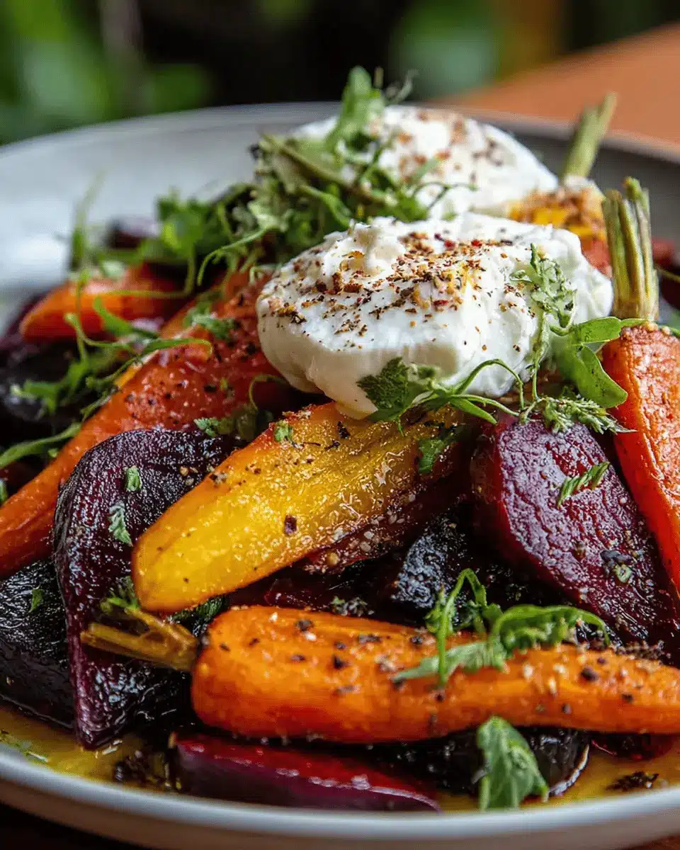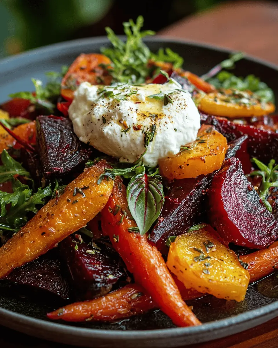In summary, this roasted beets and carrots salad with burrata is not just a feast for the eyes but also a delightful combination of flavors. Perfectly sweet, savory, and creamy, it’s a versatile dish that elevates any meal. Embrace its adaptability throughout the seasons and enjoy every bite!
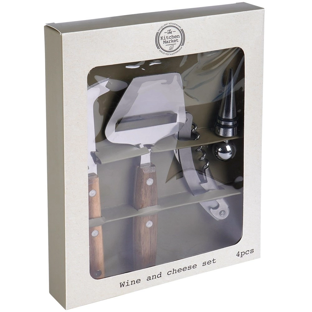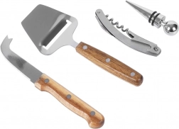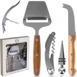 Acest set universal de accesorii pentru vin și brânzeturi îmbină calitatea, funcționalitatea și designul atemporal. Tirbușonul asigură deschiderea rapidă și sigură a vinului și îndepărtarea capselor, dopul păstrează prospețimea și aroma sticlelor deschise. Cuțitul și feliatorul permit tăierea precisă a brânzeturilor de la cele moi la cele tari.
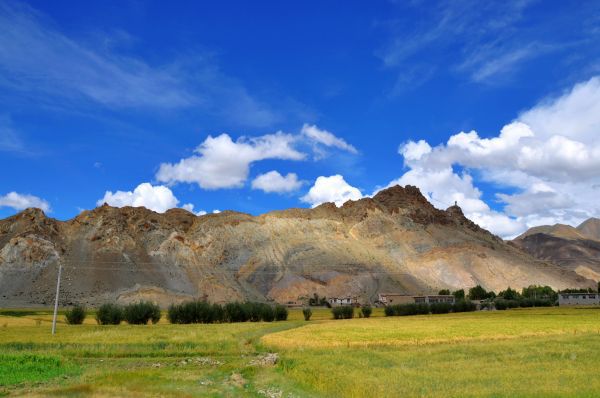 除此之外,路上的沿途风光更加迷人,公路两旁的小麦.青稞.油菜都黄了,一派丰收的景象;独特的藏式民居,朴实的藏民;这里的牛.羊.狗与人和平共处、互不干扰;天气由阴天转晴天到阳光灿烂,一个个不断变换的风景象一幅幅美丽的画卷让人陶醉!念恋不忘!
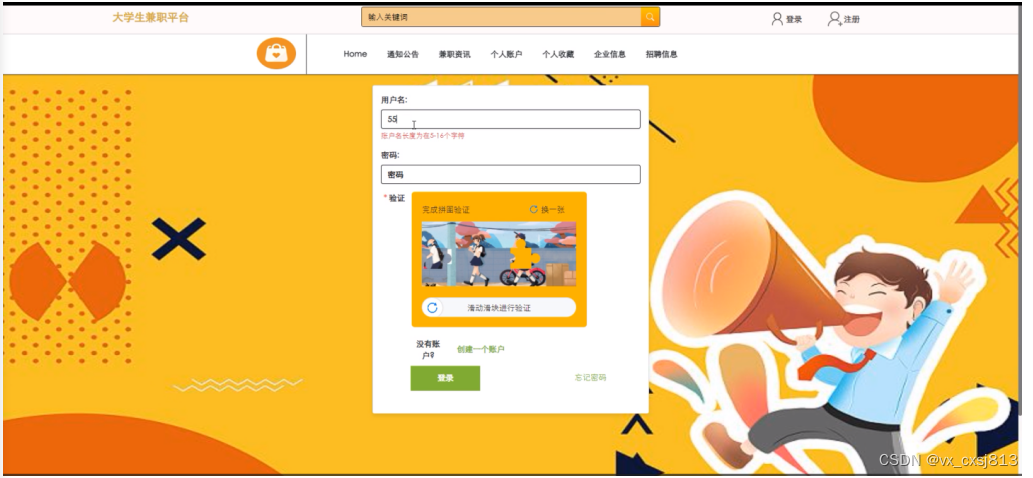 注册用户登录大学生兼职平台,需先注册,注册成功后在登录页面输入用户名、密码进行登录,如图5-12,5-13所示。

***

Pictures are not part of the answer, which must be the exact lines from the one holding "除此之外,路上的沿途风光更加" through the end of the material, both ends included.

# [Expected answer]
 除此之外,路上的沿途风光更加迷人,公路两旁的小麦.青稞.油菜都黄了,一派丰收的景象;独特的藏式民居,朴实的藏民;这里的牛.羊.狗与人和平共处、互不干扰;天气由阴天转晴天到阳光灿烂,一个个不断变换的风景象一幅幅美丽的画卷让人陶醉!念恋不忘!
 注册用户登录大学生兼职平台,需先注册,注册成功后在登录页面输入用户名、密码进行登录,如图5-12,5-13所示。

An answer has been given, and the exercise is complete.